Information shown Block Start

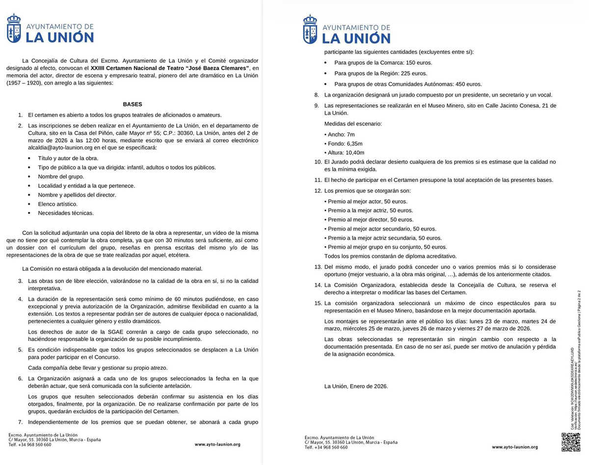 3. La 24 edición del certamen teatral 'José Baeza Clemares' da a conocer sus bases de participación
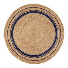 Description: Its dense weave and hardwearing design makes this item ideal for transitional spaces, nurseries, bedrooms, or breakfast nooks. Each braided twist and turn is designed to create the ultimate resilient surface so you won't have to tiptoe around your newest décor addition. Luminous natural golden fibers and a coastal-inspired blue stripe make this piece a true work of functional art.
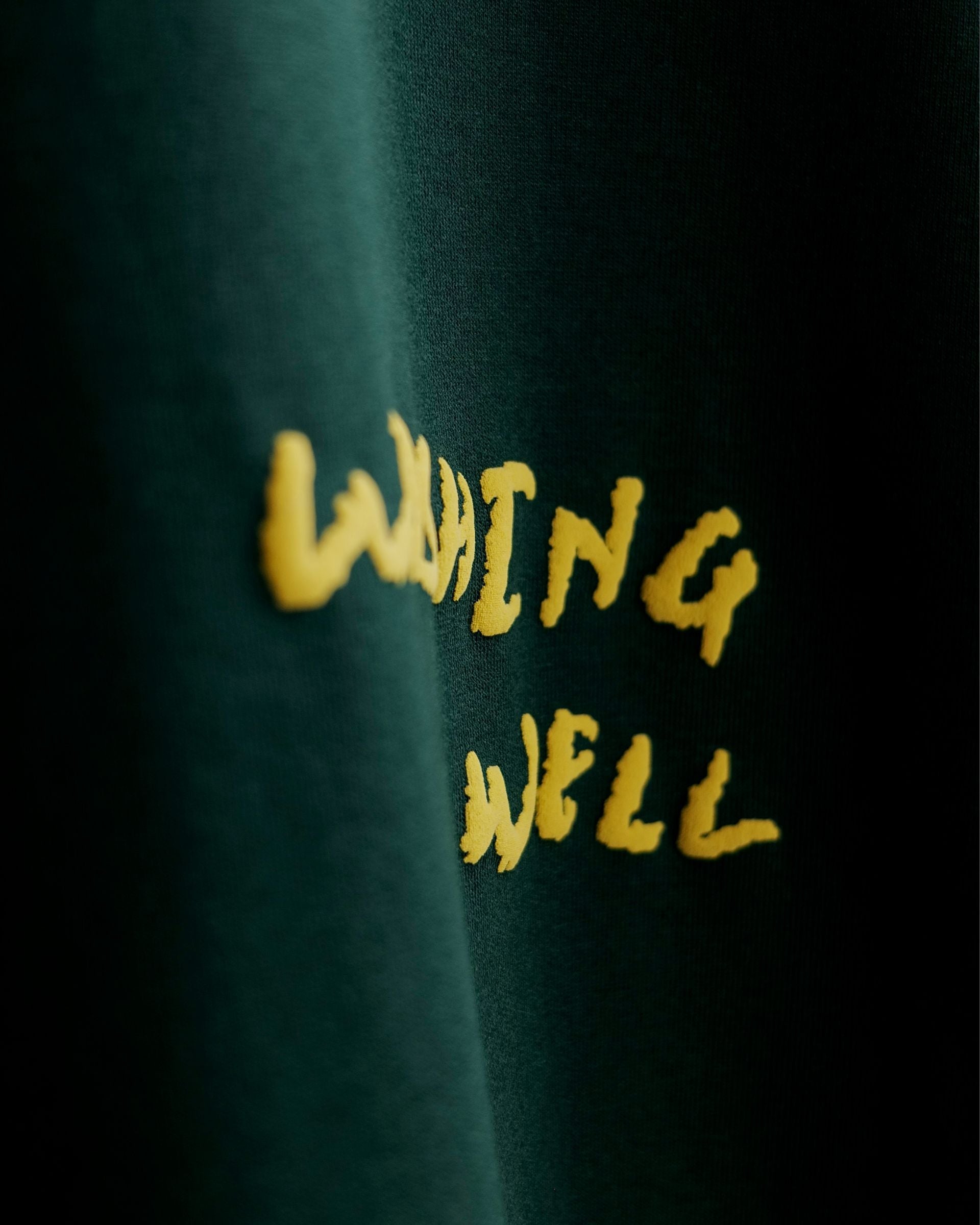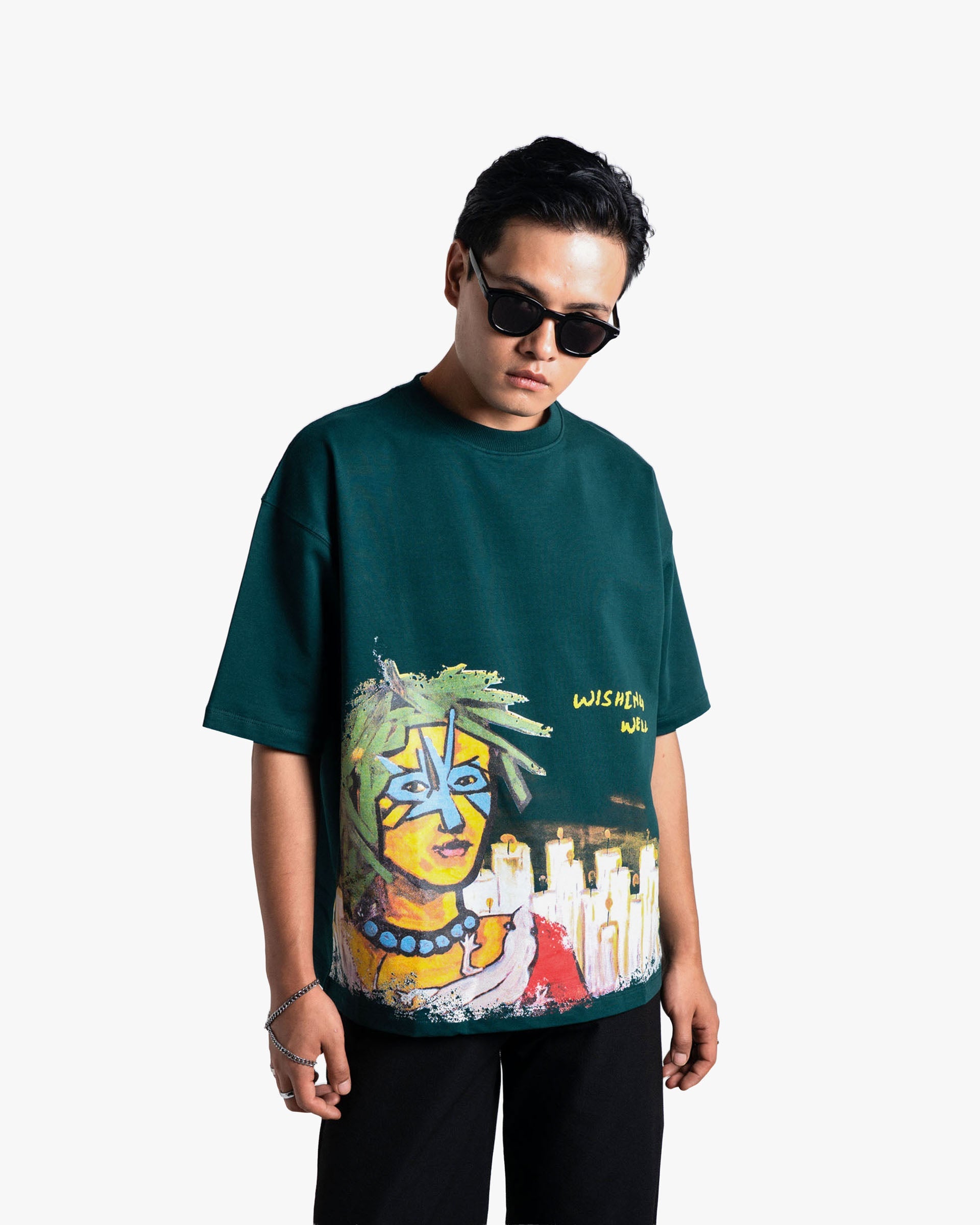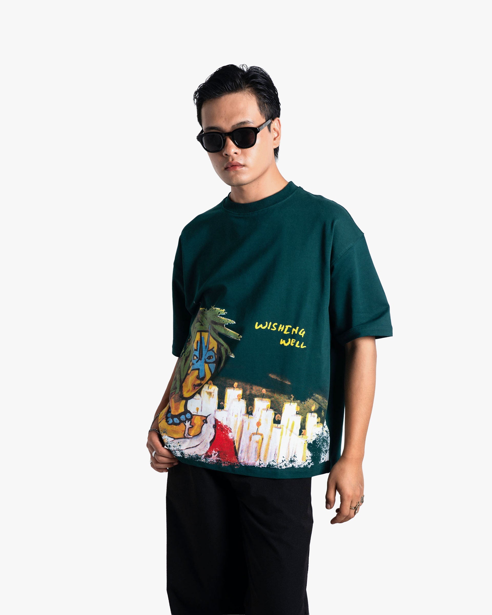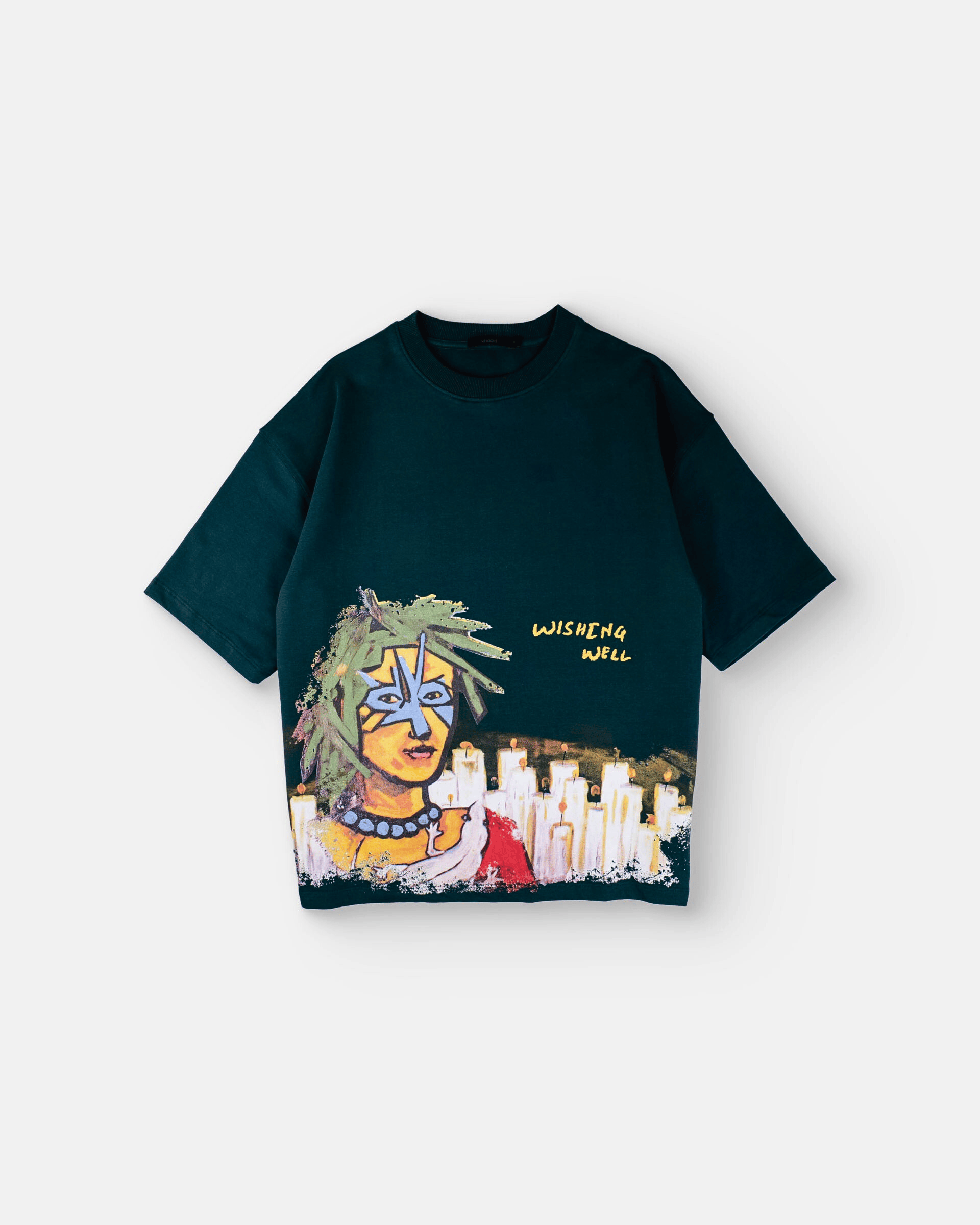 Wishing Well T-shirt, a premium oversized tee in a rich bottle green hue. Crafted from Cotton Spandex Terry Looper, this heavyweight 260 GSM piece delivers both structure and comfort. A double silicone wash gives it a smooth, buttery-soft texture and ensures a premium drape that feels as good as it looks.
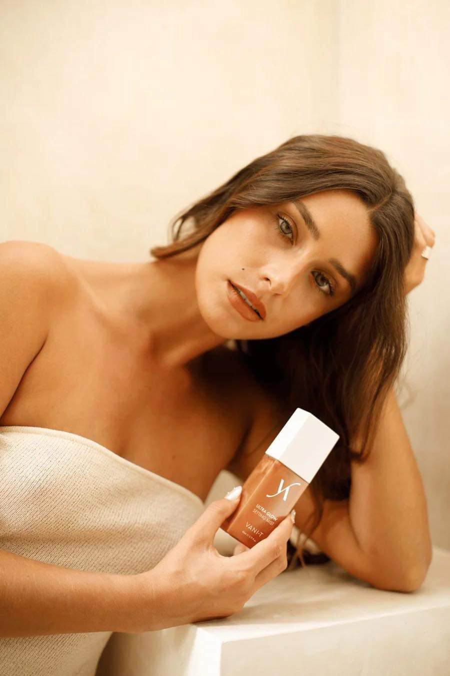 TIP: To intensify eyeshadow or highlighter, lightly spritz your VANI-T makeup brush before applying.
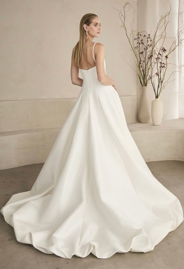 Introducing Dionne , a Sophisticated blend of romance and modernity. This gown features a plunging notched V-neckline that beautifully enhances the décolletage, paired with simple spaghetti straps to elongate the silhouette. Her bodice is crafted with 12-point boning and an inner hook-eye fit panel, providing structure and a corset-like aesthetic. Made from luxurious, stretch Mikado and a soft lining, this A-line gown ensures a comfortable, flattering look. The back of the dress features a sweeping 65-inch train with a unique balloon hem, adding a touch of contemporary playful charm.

Information shown Block End

All lines from the one containing "TIP: To intensify" through the end of the data are to be written out exactly, with nothing added; skip the pictures.

 TIP: To intensify eyeshadow or highlighter, lightly spritz your VANI-T makeup brush before applying.
 Introducing Dionne , a Sophisticated blend of romance and modernity. This gown features a plunging notched V-neckline that beautifully enhances the décolletage, paired with simple spaghetti straps to elongate the silhouette. Her bodice is crafted with 12-point boning and an inner hook-eye fit panel, providing structure and a corset-like aesthetic. Made from luxurious, stretch Mikado and a soft lining, this A-line gown ensures a comfortable, flattering look. The back of the dress features a sweeping 65-inch train with a unique balloon hem, adding a touch of contemporary playful charm.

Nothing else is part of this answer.